Always set variables before trying to expand them:

out=$(cmd) # Assign first
echo "$out" # Then expand

Or use parameter expansion to provide defaults:

  
echo "${out:-"Default if unset"}" # Show default if undefined

Checking with set -u to detect undefined variable errors can also help debug issues.

Confusing Standard Output and Standard Error

The final common pitfall is only capturing standard output, and missing error messages sent to standard error.

For example:

out=$(mycommand) # Captures standard output only

This assigns the standard output stream to the variable, but ignores the standard error stream. If mycommand logs errors to stderr, those messages will get lost.

Missing Error Messages

Losing error messages can mask issues and prevent proper handling of failures. For example:

out=$(mycommand)
if [ $? -eq 0 ]; then
   # Success right?
   echo "$out"
fi

The exit code says it succeeded, but stderr may contain errors that you miss!

Redirect Both Streams

To fix this, redirect both standard output and standard error when assigning:

  
out=$(mycommand 2>&1) # Redirect stderr to stdout

This combines both streams into the variable. Now errors are correctly captured:

out=$(mycommand 2>&1)
if [ $? -eq 0 ]; then
  echo "$out" # $out contains all output  
else
  echo "$out" # $out contains error logs
fi

If you only want errors in the variable, swap stdout/stderr.

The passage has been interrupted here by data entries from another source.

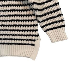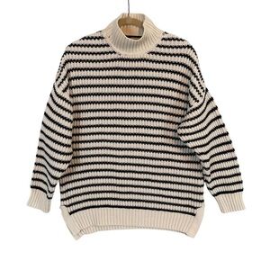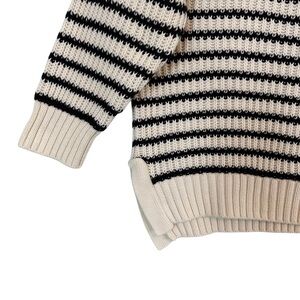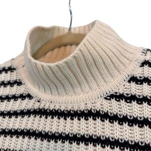 ABLE Rose Sweater M Striped Organic Cotton Knit Ivory Black Turtleneck Pullover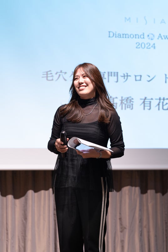 「MISIA Diamond Award 2024」表彰式では、全国から集まったMISIA式施術者の中から、顧客に大きな変化をもたらした6名が選ばれ、代表取締役・中山ゆかりによって表彰されました。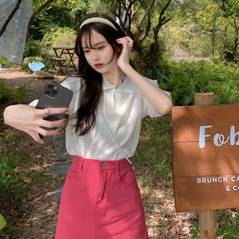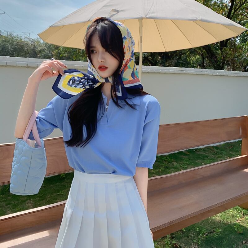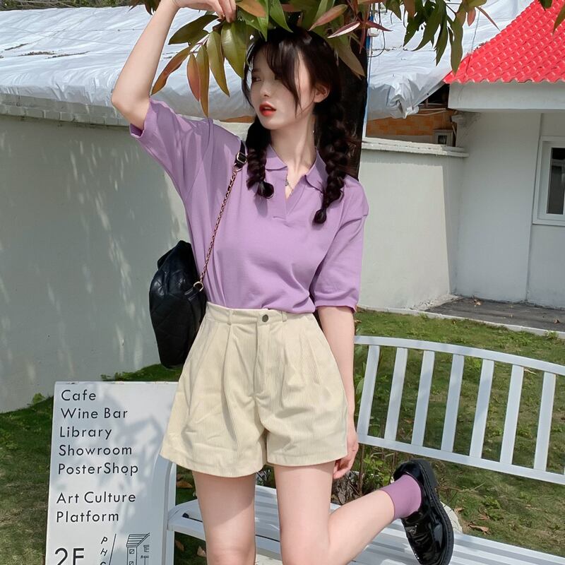 パープルポロカラーアイスシルクニットセーター半袖フロントショルダーTシャツ女性の2022年夏の新しいシックでユニークなトップ サマー 夏物 7460020039351731 | framboise21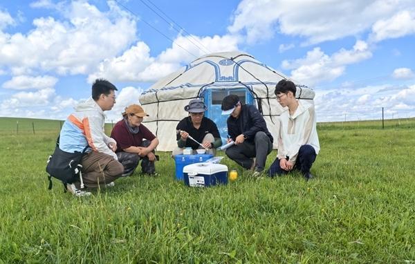 馬騰帶領團隊在內蒙古錫林郭勒大草原采集自然發(fā)酵乳。左三為馬騰。受訪者供圖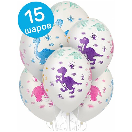 Воздушные шары латексные Belbal Динозаврики, белые, 15 шт.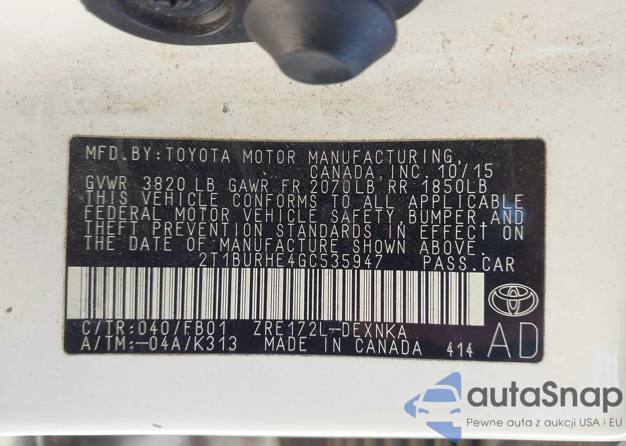 Samochód Toyota Corolla 2016 (VIN 2T1BURHE4GC535947) nie był wcześniej licytowany. Dokumenty są czyste, przebieg odpowiada lub jest niższy niż średnia rynku. Sprzedaje go firma ubezpieczeniowa – polecamy zakup. Dostawa do portu zajmie ok. 6–8 tygodni.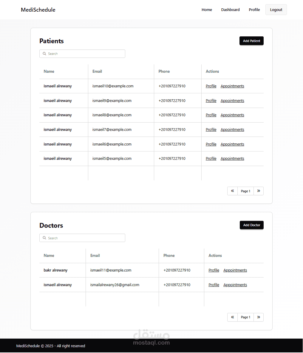 إدارة شاملة للمواعيد: يوفر التطبيق لوحة تحكم سهلة الاستخدام لكل مستخدم (مريض أو طبيب) لعرض المواعيد القادمة والسابقة، مع إمكانية تعديلها أو إلغائها.

Other Ways to Access Stderr

You can also access stderr separately without redirection:

out=$(mycommand) # stdout only
errors=$(mycommand 2>&1 1>/dev/null) # stderr only 

# Or access the file descriptors directly
exec 3>&1 # Save stdout 
out=$(mycommand 2>&1 1>&3) # Redirect stdout, keep stderr

But typically redirecting to stdout is recommended for simplicity.